If the Greens under Adam Bandt block Labor's proposed emissions reduction legislation when it hits the Senate, they will have sabotaged a serious attempt by a progressive government to act on climate change for the second time in just over a decade.
They will also, as a direct consequence, ensure that the Australian "climate wars" which have done so much damage to policy making in this crucial space since the turn of the century continue indefinitely.
While as the Prime Minister, Mr Albanese, has already indicated, the government doesn't need to legislate its new 2030 emissions target of 43 per cent, the reality is that if changes to climate and energy policy aren't voted into law, then a future LNP government would be able to overturn them with the stroke of a pen.
Anybody who doubts that this is a serious possibility need only revisit the recent comments by Peter Dutton, Angus Taylor, Matt Cavanagh, Barnaby Joyce et al before and since the May 21 election. The climate change deniers still wield significant influence within the Coalition's ranks and the loss of several key moderate Liberals has not helped matters in that regard.
What we have at the moment is the unedifying spectacle of Mr Albanese and Mr Bandt squaring off like two angry bulls stuck in one paddock and challenging each other for mastery.
Mr Albanese is telling the Greens that, when it comes to Labor's emissions legislation, it is going to be his way or the highway.
When asked what concessions he might be offering to persuade the Greens to vote for Labor's climate legislation on Tuesday he was conceding nothing.
"If the Greens party haven't learned from what they did in 2009 [blocking Rudd government climate legislation], that was something that led to a decade of inaction and delay and denial, then that will be a matter for them," he said.
Referencing the recent floods, Mr Albanese went on to say: "I don't know what it takes to wake up people, whether they be on any side of the political spectrum, to the fact that we need to work together and stop the conflict and work in a way that delivers outcomes."
He also warned the Greens, who have the numbers to block the legislation in the Senate if, as expected, the LNP opposes it, they would be held accountable.
The government's position is, in short, that the perfect should not be the enemy of the good, and that this is the best proposal that stands any chance of being legislated, given the Greens are unlikely to ever form a national government.
Mr Bandt, on the other hand, is apparently blind to the reality of the contemporary Australian political landscape. While, like Mr Albanese, he can claim to have a mandate for the Greens anti-fossil fuel stance given the party's strong performance on March 21, the significant point he overlooks is that Labor won and is governing in its own right in the lower house.

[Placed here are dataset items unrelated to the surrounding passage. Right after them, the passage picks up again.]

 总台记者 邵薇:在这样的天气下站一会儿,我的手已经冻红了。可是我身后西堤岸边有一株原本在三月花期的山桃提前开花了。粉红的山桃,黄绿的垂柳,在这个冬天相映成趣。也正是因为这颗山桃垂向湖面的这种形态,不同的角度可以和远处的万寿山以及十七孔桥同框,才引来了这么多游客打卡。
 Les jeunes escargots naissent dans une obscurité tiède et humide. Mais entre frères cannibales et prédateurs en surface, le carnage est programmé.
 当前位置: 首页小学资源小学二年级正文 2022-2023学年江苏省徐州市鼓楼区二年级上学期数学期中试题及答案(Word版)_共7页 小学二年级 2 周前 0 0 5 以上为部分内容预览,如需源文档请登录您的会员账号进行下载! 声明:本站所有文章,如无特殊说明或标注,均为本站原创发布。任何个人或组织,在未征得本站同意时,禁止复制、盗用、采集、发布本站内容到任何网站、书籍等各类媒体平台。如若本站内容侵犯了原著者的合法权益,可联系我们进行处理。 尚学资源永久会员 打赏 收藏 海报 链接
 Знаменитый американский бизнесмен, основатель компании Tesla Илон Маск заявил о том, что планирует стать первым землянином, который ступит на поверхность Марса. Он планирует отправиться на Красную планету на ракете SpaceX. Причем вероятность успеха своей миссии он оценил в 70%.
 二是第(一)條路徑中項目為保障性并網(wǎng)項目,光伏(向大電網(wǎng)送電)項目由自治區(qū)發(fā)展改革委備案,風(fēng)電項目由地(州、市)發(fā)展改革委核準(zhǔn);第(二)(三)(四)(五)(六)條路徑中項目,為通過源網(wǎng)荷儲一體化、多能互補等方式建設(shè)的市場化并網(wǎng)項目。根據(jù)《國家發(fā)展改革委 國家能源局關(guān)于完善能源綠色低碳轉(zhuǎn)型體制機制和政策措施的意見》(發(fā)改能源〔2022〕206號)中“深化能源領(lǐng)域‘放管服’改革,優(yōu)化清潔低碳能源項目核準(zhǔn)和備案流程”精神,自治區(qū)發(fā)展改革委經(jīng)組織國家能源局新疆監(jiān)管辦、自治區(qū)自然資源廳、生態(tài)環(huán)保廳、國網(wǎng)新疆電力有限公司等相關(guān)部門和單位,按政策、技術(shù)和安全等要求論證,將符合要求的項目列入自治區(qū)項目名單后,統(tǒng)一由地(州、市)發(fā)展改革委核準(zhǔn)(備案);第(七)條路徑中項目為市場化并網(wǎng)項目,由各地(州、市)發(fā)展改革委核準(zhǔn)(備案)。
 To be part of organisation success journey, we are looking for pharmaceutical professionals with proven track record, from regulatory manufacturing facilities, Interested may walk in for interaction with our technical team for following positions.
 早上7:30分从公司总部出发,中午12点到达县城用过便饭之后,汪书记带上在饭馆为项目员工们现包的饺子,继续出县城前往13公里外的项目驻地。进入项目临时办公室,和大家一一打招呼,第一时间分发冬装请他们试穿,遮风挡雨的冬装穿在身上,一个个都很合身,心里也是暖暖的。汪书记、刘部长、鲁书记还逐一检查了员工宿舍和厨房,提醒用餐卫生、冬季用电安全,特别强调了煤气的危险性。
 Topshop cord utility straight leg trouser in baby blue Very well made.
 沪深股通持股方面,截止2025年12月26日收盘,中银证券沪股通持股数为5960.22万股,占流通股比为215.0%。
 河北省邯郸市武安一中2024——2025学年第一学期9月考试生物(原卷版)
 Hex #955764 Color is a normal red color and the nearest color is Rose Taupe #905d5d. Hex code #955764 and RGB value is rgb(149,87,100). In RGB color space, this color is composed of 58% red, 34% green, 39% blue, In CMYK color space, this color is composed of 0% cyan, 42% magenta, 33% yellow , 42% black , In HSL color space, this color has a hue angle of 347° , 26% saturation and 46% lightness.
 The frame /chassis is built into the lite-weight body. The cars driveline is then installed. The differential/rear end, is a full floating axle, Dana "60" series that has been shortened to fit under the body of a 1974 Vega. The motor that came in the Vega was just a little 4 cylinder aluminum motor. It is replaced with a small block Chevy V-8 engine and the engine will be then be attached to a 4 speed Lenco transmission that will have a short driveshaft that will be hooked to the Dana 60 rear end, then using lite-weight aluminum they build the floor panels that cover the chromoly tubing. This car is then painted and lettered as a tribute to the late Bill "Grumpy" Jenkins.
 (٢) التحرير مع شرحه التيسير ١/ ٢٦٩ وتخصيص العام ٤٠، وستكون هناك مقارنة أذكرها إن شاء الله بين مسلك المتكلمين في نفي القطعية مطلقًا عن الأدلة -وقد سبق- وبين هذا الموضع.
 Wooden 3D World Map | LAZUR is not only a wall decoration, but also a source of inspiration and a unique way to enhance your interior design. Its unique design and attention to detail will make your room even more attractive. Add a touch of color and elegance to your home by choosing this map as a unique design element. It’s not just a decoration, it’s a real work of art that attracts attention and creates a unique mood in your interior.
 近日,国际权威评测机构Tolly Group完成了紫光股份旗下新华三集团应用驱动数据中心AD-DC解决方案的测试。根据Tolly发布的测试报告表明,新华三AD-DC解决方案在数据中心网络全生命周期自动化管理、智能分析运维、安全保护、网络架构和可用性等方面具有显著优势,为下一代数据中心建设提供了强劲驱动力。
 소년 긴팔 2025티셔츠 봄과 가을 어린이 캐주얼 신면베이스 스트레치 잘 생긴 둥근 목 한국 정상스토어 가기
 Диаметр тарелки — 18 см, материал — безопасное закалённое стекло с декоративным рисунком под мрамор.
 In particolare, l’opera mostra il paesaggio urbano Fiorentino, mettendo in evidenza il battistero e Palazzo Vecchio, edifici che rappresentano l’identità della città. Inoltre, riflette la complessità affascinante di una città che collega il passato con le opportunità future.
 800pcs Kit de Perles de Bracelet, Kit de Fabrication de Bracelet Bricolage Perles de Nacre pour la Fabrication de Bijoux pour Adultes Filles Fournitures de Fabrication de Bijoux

His insistence, as recently as Tuesday, that Labor rule out any new coal and gas projects flies in the face of reality. It has been widely acknowledged, including by ACT Greens leader Shane Rattenbury, who is one of the few Greens politicians in the country to actually hold a ministerial portfolio, that fossil fuels will have a role to play in ensuring an orderly transition to renewables for some time to come.
If the Greens, by some miracle, were to get their way, then the probable outcome would be even more dramatic increases in the spot price for power, and catastrophic power outages that would cripple industry and disrupt peoples lives, and erode public support for emissions reductions across the board.
Ideological purity is one thing; keeping the lights on is another matter entirely.